HIV-1 infection is associated with enhanced production of TNF-α under polyclonal stimulation.
Under PHA stimulation, all groups produced significantly higher levels of TNF-α (S2 and S8 Tables) than cultures in medium (p≤0.032; Fig 1C, PHA vs. Medium; for each p-value see S9 Table), but production of patients groups (P1 and P2) was significantly higher than production of control groups (C1 and C2, respectively) in this type of polyclonal stimulation (p≤0.029; Fig 1C, PHA; for each p-value see S9 Table).
Production of TNF-α in response to parasite’s antigens is significantly lower in HIV-1/T. gondii co-infected patients.
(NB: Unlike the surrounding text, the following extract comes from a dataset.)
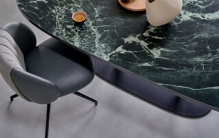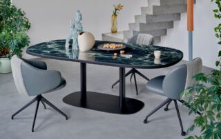 Dans la lignée de la famille de tables Toveri de Leolux, le Studio Truly a créé une table de salle à manger luxueuse. Elle se distingue par un jeu de formes douces et de matériaux durs, ainsi que par ses ombres et ses courbes.

Under SATg stimulation C2 produced significantly more TNF-α than C1 (p = 0.004; Fig 1C, SATg) and than its respective culture in medium (p = 0.001; Fig 1C, SATg vs. Medium). Also, both groups of P2 patients produced more TNF-α under SATg stimulation than cultures in medium (significantly for P2B/C: p = 0.006; Fig 1C, SATg vs. Medium) but less than C2 group (significantly for P2A: p = 0.041; Fig 1C, SATg).
Production of IFN-γ in response to parasite’s antigens is significantly lower in HIV-1/T. gondii co-infected patients.
Under SATg stimulation C2, P2A and P2B/C groups produced significantly higher levels of IFN-γ than in medium (p = 0.004, p = 0.026 and p = 0.006, respectively; Fig 1D, SATg vs. Medium), and also higher than C1, P1A and P1B/C groups under SATg stimulation as well (significantly for C2 vs. C1: p = 0.016; and for P2B/C vs. P1B/C: p = 0.024; Fig 1D, SATg). However, P2A and P2B/C patients produced significantly lower levels of IFN-γ than C2 group in cultures stimulated with SATg (p = 0.004 and p = 0.002, respectively; Fig 1D, SATg).
Production of IL-2, IFN-γ and TNF-α are significantly correlated.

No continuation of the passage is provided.